Parliament tried to stay neutral and would not discuss the merits of
the King’s councillors: it was readier to talk about the provision of a fixed income for the royal household. But the Commons, who supported York, demonstrated that support by electing his adherent, Sir William Oldhall, as Speaker. Oldhall was a wealthy Norfolk landowner who had known the Duke for many years, serving him first as a councillor in Normandy and latterly as his chamberlain; he was an influential man, with powerful friends and relations.
Under Oldhall’s auspices, the Commons demanded, and got, an Act of Resumption providing for the return of all Crown lands alienated during the past twenty years and the establishment of a committee whose function was to oversee any royal grants proposed in the future. They also secured a promise from the King that efforts would be made to restore law and order in the shires.
While Parliament was sitting, York’s falcon and fetterlock badge mysteriously appeared all over the city of London each night, only to be torn down every morning and replaced by the royal arms, which were in turn removed the following night. The Lord Mayor, anxious to maintain order, put on his armour each day and rode through the city with a band of soldiers ‘harnessed defensibly for war’. He also ordered the crying of a proclamation forbidding the people to speak of or meddle ‘with any matters done in the Parliament’.
When York came to Parliament he publicly criticised the government’s policy of ignoring the demands of the people and taxing them heavily while rewarding royal favourites and allowing them – already rich men – to keep their wealth. But if York had entertained hopes of removing his enemies by constitutional means he was destined to be frustrated.
Many were angry that York’s complaints had been ignored. On 30 November, says Benet, a crowd of Londoners and
the armed men who had come with the nobles learned that neither the King nor the nobles had spoken of punishing the traitors whose actions were a scandal throughout England, in particular the Duke of Somerset, whose negligence was responsible for the loss of Normandy. So they cried out thrice in Westminster Hall to all the lords, saying, ‘Give us justice! Punish the traitors!’
After the death of Suffolk, the Queen had turned to ‘our dearest cousin, Edmund, Duke of Somerset’ to take his place in her counsels and as leader of the court party. Her friendship extended not only to the Duke but also to his wife, Eleanor Beauchamp, one of her closest confidantes. Within two years the Queen would award Somerset an
annuity of £66.13s.4d. (£66.67p) for ‘his good and laudable counsel in urgent business’. Favouring Somerset could only alienate York, but the Queen already regarded him as her enemy, and when York returned from Ireland she made it very clear that it was Somerset, and Somerset alone, who, with her favour and the King’s, would enjoy prominence in the government.

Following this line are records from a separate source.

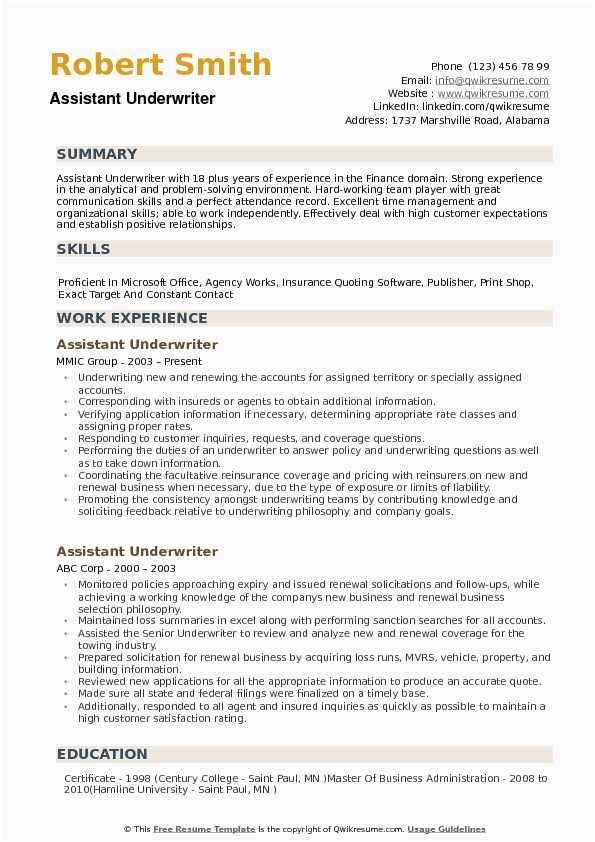Later you are searching for the perfect job, you will of course want to put your best foot deal with bearing in mind an fabulous and well-formatted resume. One showing off of assuring that you have such a resume is to download a sample resume for insurance underwriter assistant. These templates can find the money for you later the correct resume you are looking for or suitably use them as a lead to create your own.
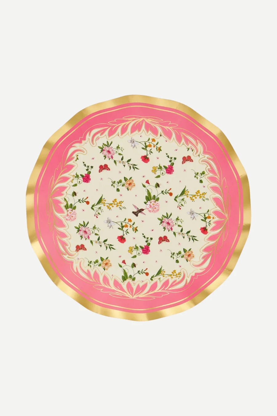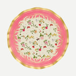 These wavy-edge dinner plates from our Rococo collection showcase soft pink hues adorned with graceful floral designs, accented with elegant gold foil trim. Their delicate, romantic aesthetic makes them perfect for adding a sophisticated touch to any gathering. Ideal for bridal showers, tea parties, or springtime celebrations..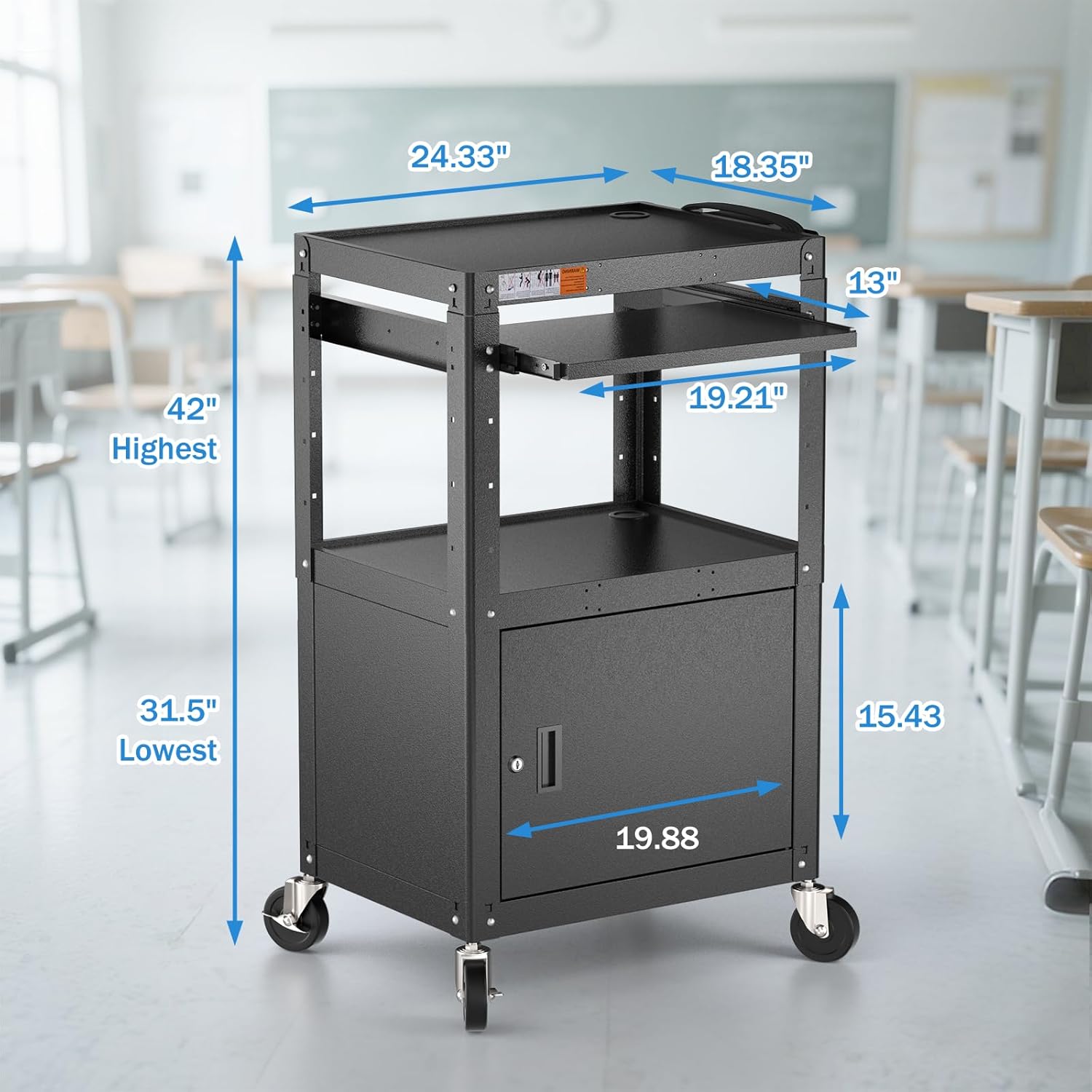 - METAL AV CART WITH LOCKING CABINET: POCHAR rolling media cart is made of durable cold-rolled steel for high stability, ensure the wear-resistant and sturdiness for daily high-intensity use. This utility cart features a locking cabinet, which this storage space can store a large number of files, while also ensuring the safety of valuable equipment or important documents.

York’s influence, however, prevailed for the time being over the Queen’s, and on 1 December he had his way when Somerset was impeached by Parliament: the Duke was condemned to imprisonment in the Tower of London and taken there the same day. Having netted – or so he thought – the biggest fish, York made plans to snare other members of the court party, but the King and Queen refused to accept the judgement of Parliament and Margaret ordered Somerset’s release only hours after his imprisonment had begun.

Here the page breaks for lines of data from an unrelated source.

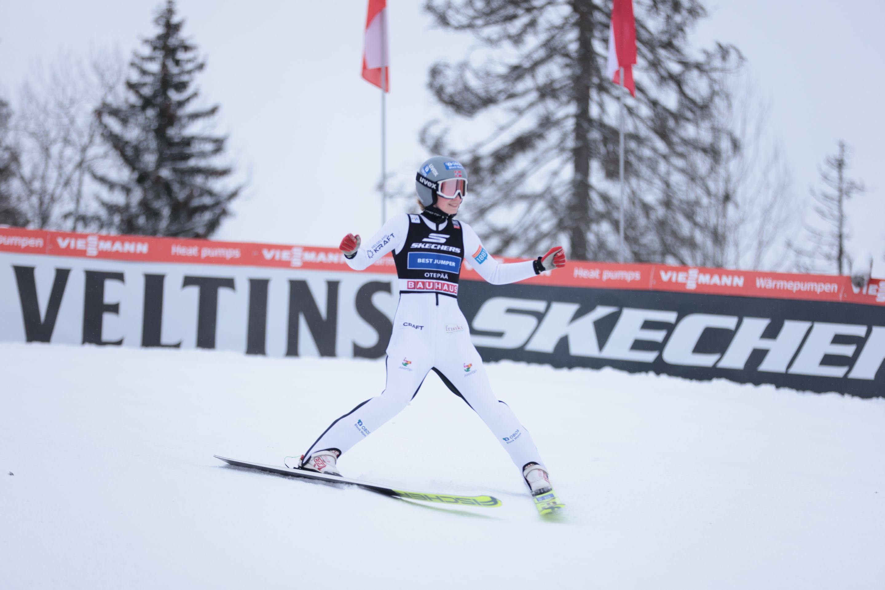 With the wind in Estonia’s winter capital finally relenting after two days in which no jumping was possible, the women were able to compete on the HS97 hill for the first time since Thursday’s PCR competitions.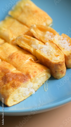 roll omelette stuffed with chesse and rice on blue plate, delicious food in the morning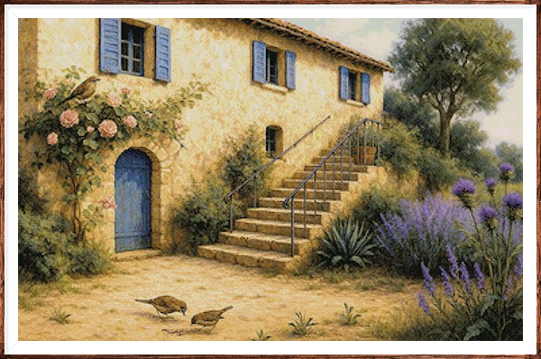 Kruissteek telpatroon van een sfeervol Italiaans tafereel dat doet denken aan vakantie.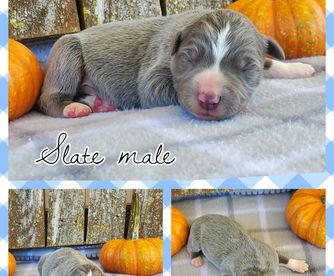 Border Collie puppies include slate merle, lilac merle, blue merle, red merle, black, blue, gold, lilac, red, sable merle, and slate. Colors will vary depending on the parent dogs.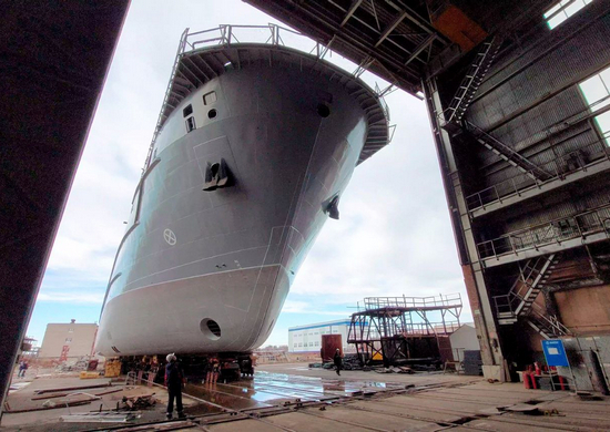 В Ярославской области на судостроительном заводе «Вымпел» (входит в ОСК) состоялась выкатка из эллинга на открытый стапель морского транспорта вооружения проекта 20360М «Владимир Пялов».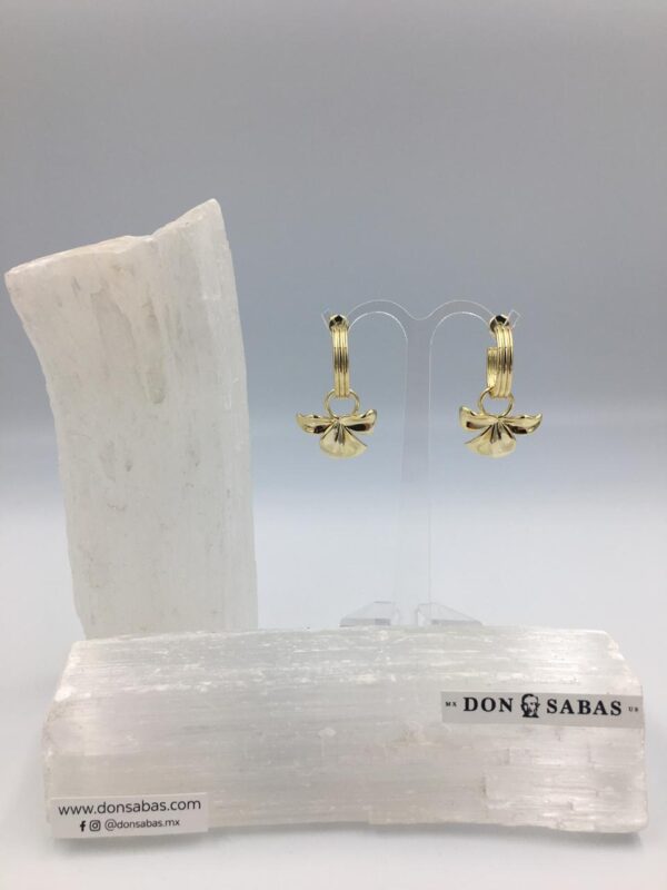 Aretes dorados, arracada flor llamativa en chapa de oro 14K.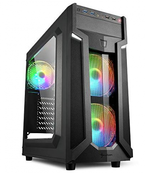 Der VG6-W RGB ATX Midi Tower besticht vor allem durch seine retrofuturistische Frontblende und sein kompaktes Gehäusedesign, das für preisbewusste Gamer mit luftgekühlten Systemen konzipiert wurde. Ab Werk sind daher bereits drei adressierbare 120-mm-RGB-LED-Lüfter vorinstalliert, die nicht nur für mehrfarbige Highlights hinter der Front und dem Seitenteil mit Acryl-Fenster sorgen, sondern auch für einen reibungslosen Airflow. Retrofuturistischer Hingucker. Die Frontblende des VG6-W verleiht dem Gehäuse einen einzigartigen retrofuturistischen Anstrich, der besonders Gamer ansprechen soll. Die wie Augen angeordneten LEDs im oberen Bereich der Frontblende sorgen für einen ausdrucksstarken Charakter. Das kantige Acryl-Fenster darunter lässt die verbauten Lüfter besonders gut zur Geltung kommen. Die Hardware im Blick. Das VG6-W ist an einer Seite mit einem großen Acryl-Fenster ausgestattet, durch das man seine verbaute Hardware zeigen kann. Es eignet sich aber nicht nur zum Präsentieren dieser, sondern ebenso für zeigefreudige Innenraum-Modifikationen und beleuchtete Komponenten. Kompaktes Gehäusedesign. Das Gehäuse ist so kompakt wie möglich gehalten, ohne Abstriche bei der Hardware-Kompatibilität zu machen. Es fasst bis zu vier SSDs und bis zu drei HDDs sowie ein optisches Laufwerk. Auf Unnötiges haben wir bewusst verzichtet. Optimierte Lüfterkonfiguration. Das VG6 eignet sich am besten für luftgekühlte Systeme. Gerade deshalb sind bereits zwei adressierbare 120-mm-RGB-LED-Lüfter in der Front und ein adressierbarer 120-mm-RGB-LED-Lüfter in der Rückseite vorinstalliert. Die Lüfter sind jeweils mit neun adressierbaren LEDs ausgestattet und können in bis zu 16,8 Millionen Farben beleuchtet werden.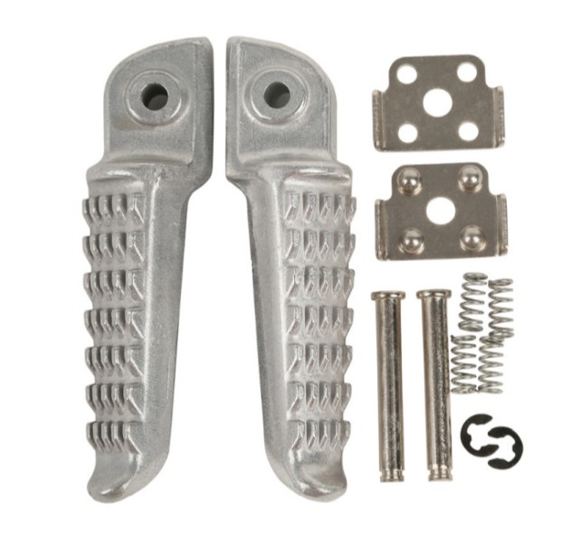 Wysokiej klasy zestaw podnóżków firmy BIKETEC produkującej części zamiennych do naprawy motocykli, które są doskonałą alternatywą do podzespołów oryginalnych. Są to podnóżki pasażera(tylne) - komplet lewy + prawy. W zestawie znbajdują się bolce, sprężyny oraz zabezpieczenia potrzebne do montażu podnóżków. Pasują między innymi do motocykli:

York’s supporters were incensed. That afternoon, after Somerset had returned to Blackfriars, about a thousand of them marched on his house with a mob of angry citizens, meaning, says Benet, to kill him. They dragged him to a waiting barge, ‘but the Earl of Devon, on the Duke of York’s request, calmed them and prudently arrested their leader, who was taken in secret to the Tower, so as not to provoke the common people’. When Somerset returned home he found that his house had been stripped of all his possessions, and the looters had also ransacked the homes of men who were friendly to him.
On 3 December, the King, angered by this treatment of his favourite, put on armour and rode through the streets of the city at the head of a procession of lords, knights and 1000 soldiers. This had the effect of quelling the rioters but not the ill-feeling of his subjects at large. Somerset nevertheless remained high in royal favour and was soon afterwards appointed chamberlain of the royal household.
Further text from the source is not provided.